Kyrgyzstan, Tajikistan reach 90 percent agreement on border
Topographers and legal experts from the two countries this week reached a resolution on another 3.71 kilometers of the border.
Kyrgyzstan and Tajikistan have inched further forward to a final settlement to end decades of acrimonious disputes by agreeing on the delimitation of 90 percent of previously contested territory.
Tajik state news agency Khovar reported in an update on February 5 that topographers and legal experts from the two countries had reached a resolution on another 3.71 kilometers of their shared border.
That report was published on the same day that Tajik President Emomali Rahmon met in Dushanbe with visiting Kyrgyz Foreign Minister Jeenbek Kulubayev.
An official statement from Rahmon’s office quoted him advocating “political dialogue and the strengthening of an atmosphere of trust … between the two countries on the basis of a centuries-old bond of friendship and on the principles of good neighborliness.”

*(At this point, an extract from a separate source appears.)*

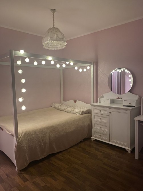Планування:кухня-вітальня (оформлена одним великим простором),2 спальні,2 санвузла(душ і ванна),велика гардеробна кімната,прихожа,балкон з вітражними в підлогу вікнами.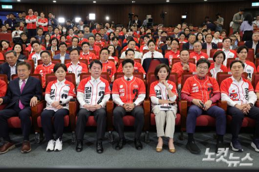 김 비대위원장과 나경원·안철수·양향자 등 공동선대위원장들은 첫 줄에 나란히 앉았고, 김문수 후보를 지지 선언한 손학규 전 바른미래당 대표도 양복 차림으로 양 위원장 옆에 착석했다. 그러나 8시 지상파 3사의 출구조사 결과가 발표되자, 화면을 응시하던 당 지도부는 일제히 굳은 표정을 감추지 못했다.

A press release issued by Kulubayev’s ministry described bilateral relations with Tajikistan as a priority in Kyrgyzstan’s foreign policy doctrine.
Amid all the decades of squabbling — the nadir came with two brief but bloody border confrontations in 2021 and 2022 — Kyrgyzstan and Tajikistan have enjoyed a sometimes symbiotically useful relationship.
There was a time when border crossings with Kyrgyzstan were the only ones that Tajiks could use to leave their own country overland. Uzbekistan under the late President Islam Karimov was low-level hostile to its neighbors, Afghanistan has been gripped by varying levels of turmoil and China kept people at a distance by means of bureaucracy.
Residents of Tajikistan’s northern region of Sughd and the highland Gorno-Badakhshan Autonomous Region in the east often made their way to the airport in the Kyrgyz city of Osh to travel further afield at affordable prices.
That ground to a halt a few years ago. A combination of official and independent media sources has assessed the number of people killed in the September 2022 conflict, including both armed combatants and civilians, at around 400.
When the borders closed following the fighting of 2021 and 2022, official trade turnover plummeted to nothing. Smugglers continued to ply their wares across the border, however.
The initiative to settle the border question once and for all picked up momentum in 2023.
This week, President Rahmon hailed what has been achieved thus far, noting that negotiators have managed over four months to trace out 196 kilometers of heretofore undefined boundaries. Almost 90 percent of the work has been done, he said.
The length of the border in its entirety is around 980 kilometers.
Kulubayev said that completion of border demarcation will finally allow the countries to intensify bilateral cooperation in all areas of mutual interest.
“The Kyrgyz side is committed to a speedy and mutually beneficial resolution of the issue of delimitation of the Kyrgyz-Tajik state border, taking into account the interests of each party,” Kulubayev said.
The border is only part of the broader conundrum. But both official sets of statements indicated that the other sticking points, those to do with the water resources of transboundary rivers, have been studied as well.
While on his working visit in Tajikistan, Kulubayev toured the construction site of the giant Roghun hydroelectric plant. Kyrgyzstan has aspirations to build its own mega-dams, although not quite on the same scale.
Khovar news agency reported in an article on Kulubayev’s tour that his delegation was particularly interested in inspecting tunnels, turbines and the transformer room.